Hera is the stepmother and enemy of Heracles. The name Heracles means "Glory of Hera". In Homer's Iliad, when Alcmene was about to give birth to Heracles, Zeus announced to all the gods that on that day a child by Zeus himself, would be born and rule all those around him. Hera, after requesting Zeus to swear an oath to that effect, descended from Olympus to Argos and made the wife of Sthenelus (son of Perseus) give birth to Eurystheus after only seven months, while at the same time preventing Alcmene from delivering Heracles. This resulted in the fulfillment of Zeus's oath in that it was Eurystheus rather than Heracles. In Pausanias' recounting, Hera sent witches (as they were called by the Thebans) to hinder Alcmene's delivery of Heracles. The witches were successful in preventing the birth until Historis, daughter of Tiresias, thought of a trick to deceive the witches. Like Galanthis, Historis announced that Alcmene had delivered her child; having been deceived, the witches went away, allowing Alcmene to give birth.

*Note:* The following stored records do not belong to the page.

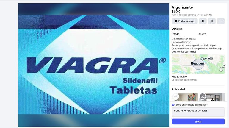En un recorrido por el Marketplace de Facebook en Neuquén la venta de viagra por ese medio llama la atención. Una publicación con ubicación en Neuquén Centro ofrece este producto con una compra mínima de una caja con 8 comprimidos.
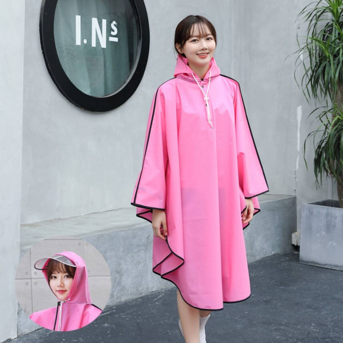 - レインウエア ピンク ポンチョ 二重つば付き リュック対応 サイクリング 防災グッズ 防雨手袋付き 通学 アウトドア つば取り外し可能
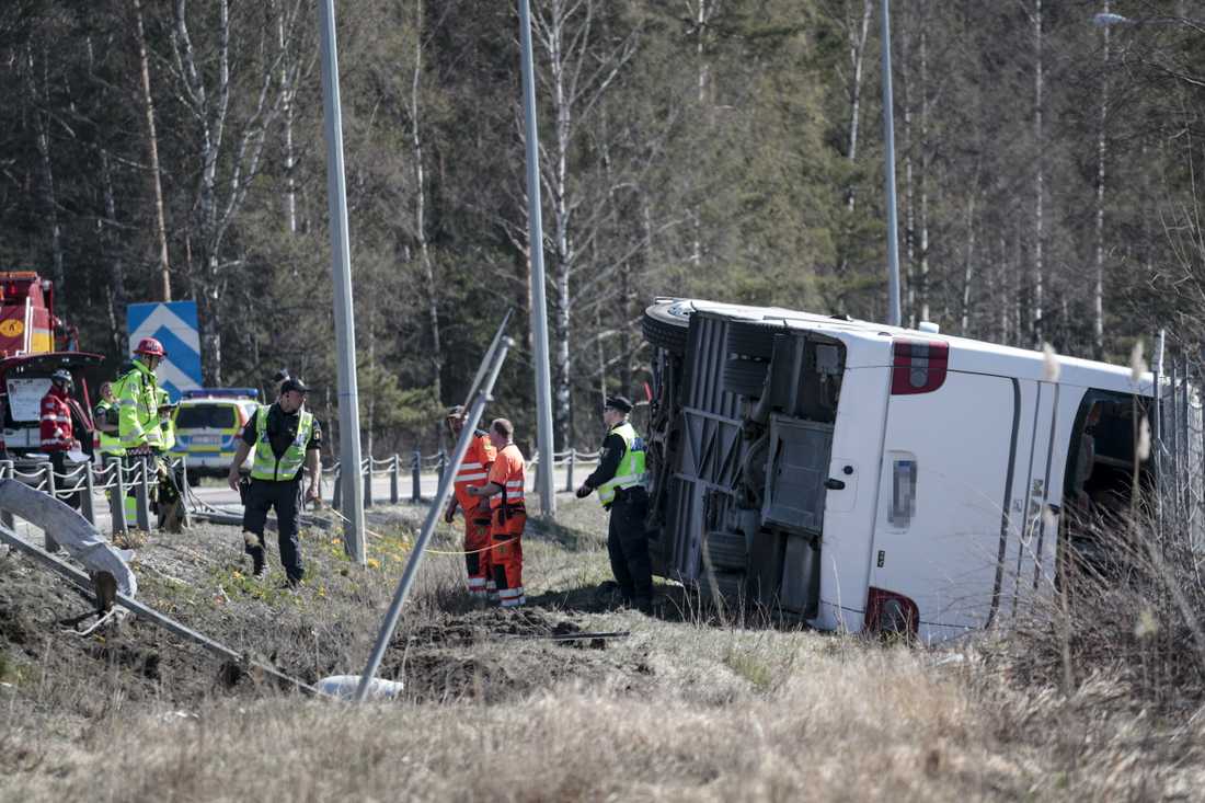 На момент аварии в автобусе было около 29 человек. Они ехали из Осло в Стокгольм. В какой-то момент автобус съехал с дороги в кювет и перевернулся. Причины аварии пока не сообщаются.
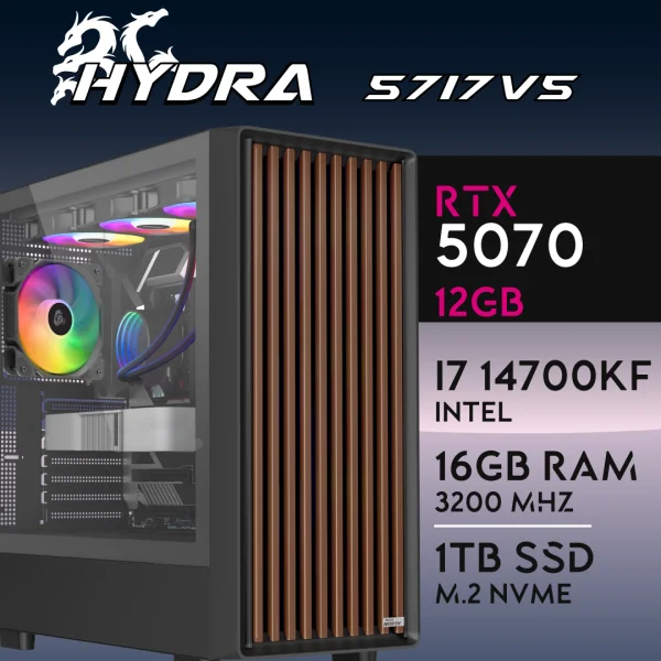 PC Gaming HYDRA-57I7V5 – I7 14700KF | RTX5070 12GB | 16GB | M.2 1TB
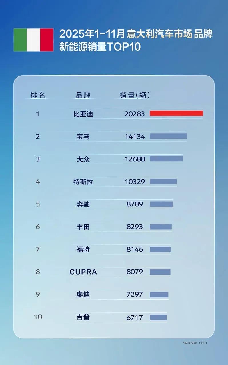 当我们深入了解时就会发现11月比亚迪多国销冠全面超越,如意大利、土耳其、西班牙、匈牙利等11个国家比亚迪均取得了销冠。甚至在一些发达国家的新能源汽车市场比亚迪汽车的销量已远远超过了特斯拉。如下图所示意大利新能源汽车市场销量排行,比亚迪11月销量位列榜首超过了宝马、大众以及特斯拉等一众全球知名汽车大厂。
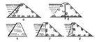 Типы каменных плотин: а, б — каменно-набросные; в — из каменной сухой кладки; г — полунабросная (с напорной частью из сухой кладки и низовой — из каменной наброски); д — набросная (с бетонной напорной стенкой).
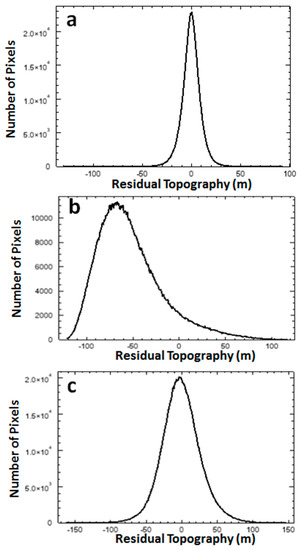 Thus, the wavelet number used in this study was set to zero level because of the high fidelity of the reference DEM derived from ALOS/PRISM data. Due to the DEM’s high spatial resolution, its sensitivity is large enough to estimate the average residual topography to almost 0 m with a standard deviation equal to 9.5 m (Figure 9a). Moreover, the accuracy of the SRTM DEM data was checked in order to compare its results with the field calibrated ALOS/PRISM DEM. The 0 wavelet numbers was also used with the SRTM data and showed average residual topography equal to −52.5 m and high standard deviation equal to 35.1 m (Figure 9b). Meanwhile the two wavelet numbers were also used with the SRTM data and showed average residual topography equal to −1.5 m and high standard deviation equal to 25.03 m (Figure 9c). It is obviously clear that even after using large wavelet number with the freely available SRTM data, the PRISM data with 0 wavelet number showed an improved estimation for the average residual topography.
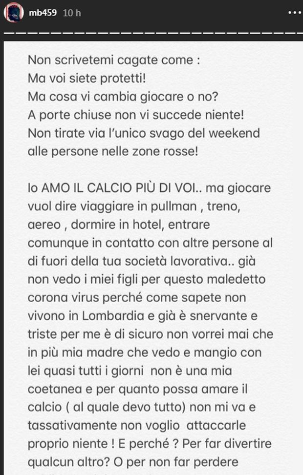 "Non scrivetemi cagate come. 'Ma voi siete protetti! Ma cosa vi cambia giocare o no? A porte chiuse non vi succede niente! Non tirate via l'unico svago del weekend alle persone nelle zone rosse! Io amo il calcio più di voi, ma giocare vuol dire viaggiare in pullman, treno, aereo, dormire in hotel, entrare comunque in contatto con altre persone al di fuori della tua società lavorativa. Già non vedo i miei figli per questo maledetto coronavirus perché come sapete non vivono in Lombardia e già è snervante e triste per me. E in più mia madre che vedo e mangio con lei quasi tutti i giorni e non è una mia coetanea e per quanto possa amare il calcio (al quale devo tutto) non mi va tassativamente, non voglio attaccarle proprio niente! E perché? Per far divertire qualcun altro? O per non far perdere soldi? Ma dai non scherzate! Ripigliatevi, avete rotto adesso. Non si scherza con la salute ragazzi".
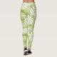Leggings with a repeating pattern of large palm leaves on an olive green background. Trendy modern and tropical.
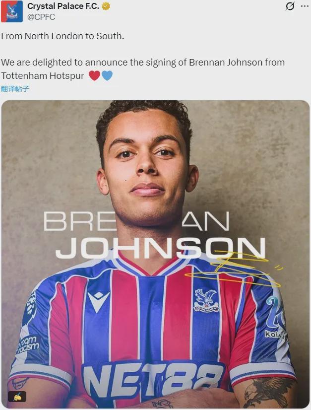 官方:水晶宮宣布從熱刺簽下了布倫南-約翰遜。
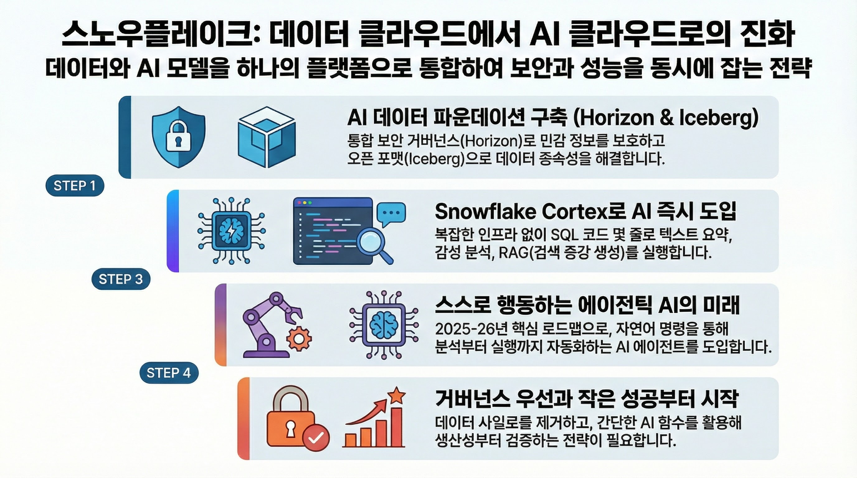 스노우플레이크의 로드맵은 결국 **"데이터가 있는 곳으로 AI가 직접 찾아가는 구조"**를 만드는 것입니다. 데이터를 밖으로 옮길 필요가 없으므로 보안과 성능 두 마리 토끼를 모두 잡을 수 있는 것이 가장 큰 강점입니다.
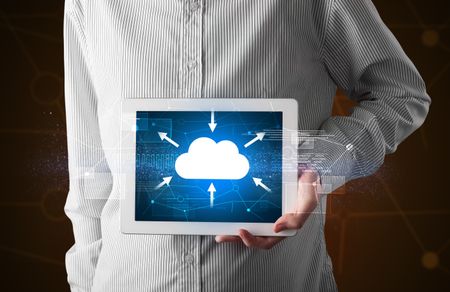 Casual businessman holding tablet with cloud concept
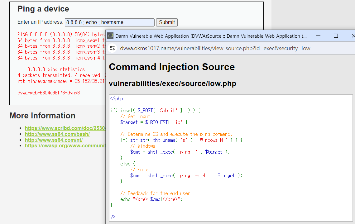Command Injection 공격이 가능한 이유는 Security Level이 낮기(Low) 때문.
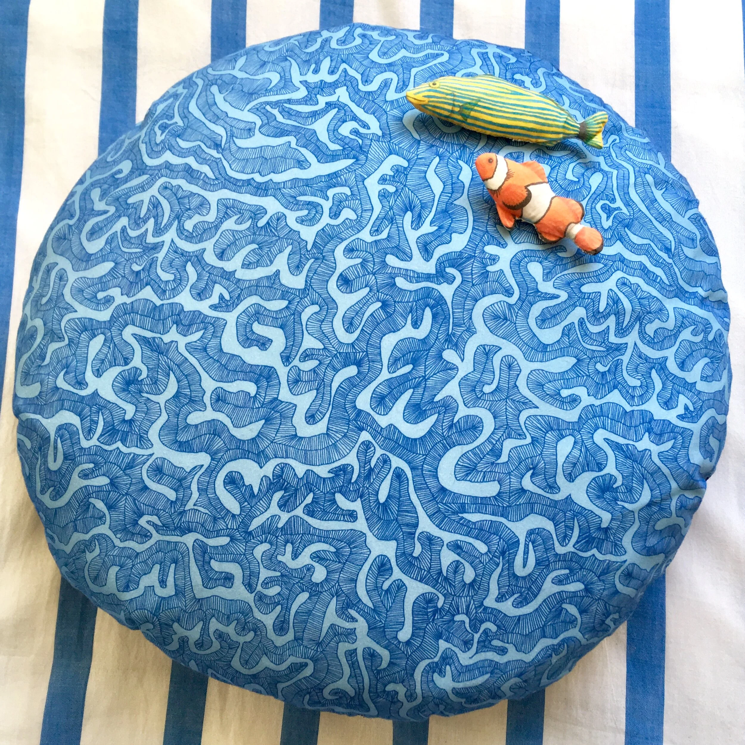 Coast repeat pattern, including oystercatcher, avocet, lapwing, shells, seaweed, feathers, flowers

Hera's wrath against Zeus' son continues and while Heracles is still an infant, Hera sends two serpents to kill him as he lies in his cot. Heracles throttles the snakes with his bare hands and is found by his nurse playing with their limp bodies as if they were a child's toy.

One account of the origin of the Milky Way is that Zeus had tricked Hera into nursing the infant Heracles: discovering who he was, she pulled him from her breast, and a spurt of her milk formed the smear across the sky that can be seen to this day. Her milk also created a white flower, the lily. Unlike any Greeks, the Etruscans instead pictured a full-grown bearded Heracles at Hera's breast: this may refer to his adoption by her when he became an Immortal. He had previously wounded her severely in the breast.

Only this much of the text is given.